TYPES OF LIFE INSURANCE PRDUCT 1. Term Insurance This type of life insurance policy is a contract between the insured and the life insurance company to pay the persons/s he has given entitlement to receive the money, in the case of his/her death, after a certain period of time. These policies can be taken for 5, 10, 15, 20 or 30 years. 2. Endowment Policy In an endowment policy, periodic premiums are received by the insured person and a lump sum is received either on the death of the insured or once the policy period expires. 3. Money Back Life Insurance Policy This policy offers the payment of partial survival benefits (money back), as is determined in the insurance contract, while the insured is still alive. In case the insured dies during the period of the policy, the beneficiary gets the full sum insured without the deduction of the money back amount given so far. 4. Group Life Insurance This is when a group of people have been named under a single life insurance policy. It is popular for an employer or a company to add employees under the same policy. Each member of the group has a certificate as legal evidence of insurance. 5. Unit Linked Insurance Plan ULIPs (Unit Linked Insurance Plan) offer the insured the double benefit of protection from risk and investment opportunities. ULIPs are linked to the market where the insureds money is invested to help earn additional monetary benefits.

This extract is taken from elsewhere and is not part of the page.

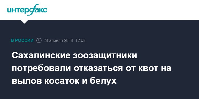 Москва. 28 апреля. INTERFAX.RU - Пикет против выделения квот на отлов в Охотском море косаток и белух проведет в Южно-Сахалинске инициативная группа "Друзья океана", действующая на базе местного туристического клуба "Бумеранг".

STEP 1 In the first step, the company decides where it wants to position its market offering. The clearer the firms objective, easier it is to set the p rice.
STEP 2 Each price will lead to a different level of demand therefore has a different impact on companys marketing strategy. In case of life insurance sector too, before fixing a price for a particular policy, the field officers are asked to find out the demand for various policies and on the basis of this demand, the price is fixed. STEP 3 Demand sets the ceiling whereas costs set the floor on the price the company can charge for its product/service. In case of life insurance sector, it comprises of costs of recruiting, training, motivating agents along with other fixed and variable costs. STEP 4 Within the range of possible prices determined by the market demand and company costs, the firm must take the competitors costs, prices and possible price reaction into account. In order to win the market share, such products/ services, which have not yet been created by the competitors, should be created by the company. LIC (India) offers a differentiated product in the form of Life insurance Policies especially for landless laborers and rickshawallas. STEP 5 In selecting the price in life insurance sector, the company must consider life expectancy of the person as well as his financial position. In case of Life Insurance, if the person while taking the policy is at a high risk of some terminal disease then he is charged a higher premium. At the same time, if a person who does not enjoy good financial condition cannot take a high price life insurance policy. Thus, every customer taking a policy should disclose all his medical as well as financial details in utmost good faith to the life insurance agent. In case of Non Life Insurance, correct financial evaluation of the cost of the goods which have been insured should be done by the life insurance agency because the customer may get the goods insured for a higher cost than they actually are and if the goods are damaged, then the life insurance company will have to pay a higher price than the actual cost of goods destroyed.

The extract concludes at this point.